29 1790 John Tyler; 1867 Cy Young; 1906 E. Power Biggs; 1916 Eugene J. McCarthy; 1917 Man O' War; 1918 Pearl Bailey, Sam Walton; 1941 Terence Hill; 1943 Eric Idle, Vangelis; 1945 Walt "Clyde" Frazier; 1948 Bud Cort; 1956 LaToya Jackson; 1964 Elle Macpherson.
• 1795: Beethoven debuts as pianist in Vienna.
• 1848: Niagara Falls stops flowing for 30 hours due to an ice jam; honeymooners at a loss for what to do in the meantime.
• 1932: Jack Benny debuts on radio.
• 1951: The King & I opens on Broadway.
• 1959: Some Like it Hot premieres.
• 1962: Jack Paar's final appearance on The Tonight Show.

30 1899 Irving Thalberg; 1937 Warren Beatty; 1945 Eric Clapton; 1957 Paul Reiser; 1964 Tracy Chapman; 1968 Celine Dion.
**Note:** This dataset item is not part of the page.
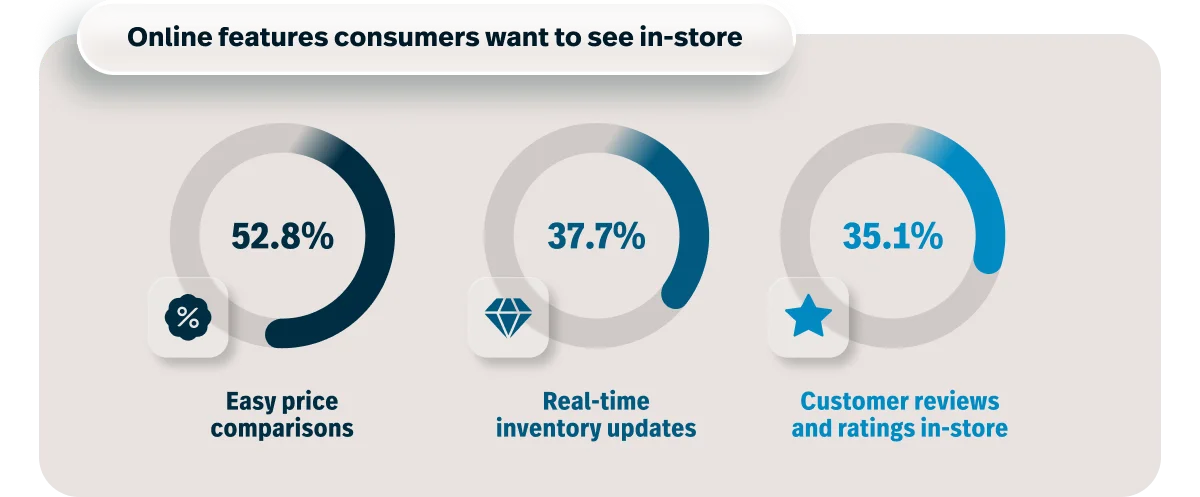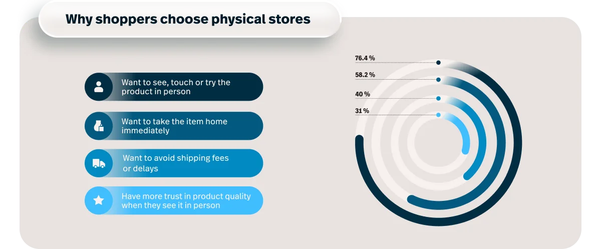While the majority of shoppers (76.4%) still want to see, touch, or try products in person—great news for physical retail stores—online conveniences have reshaped their expectations, even in physical spaces.

31 1596 René Descartes; 1732 Franz Joseph Haydn; 1878 Jack Johnson; 1903 Arthur Godfrey; 1924 Leo Buscaglia; 1926 John Fowles; 1927 Cesar Chavez, William Daniels; 1928 Gordie Howe; 1929 Liz Claiborne; 1932 John Jakes; 1935 Herb Alpert, Richard Chamberlain, Judith Rossner; 1940 Barney Frank; 1946 Gabe Kaplan; 1948 David Eisenhower, Albert Gore Jr., Rhea Perlman.
• 1930: The Motion Pictures Production Code is instituted, imposing strict guidelines limiting sex, violence and original ideas in movies.
• 1932: Ford unveils its V-8 engine; public suggests that maybe if they put it inside a car then they'd really have something.
• 1972: Official Beatles Fan Club closes down.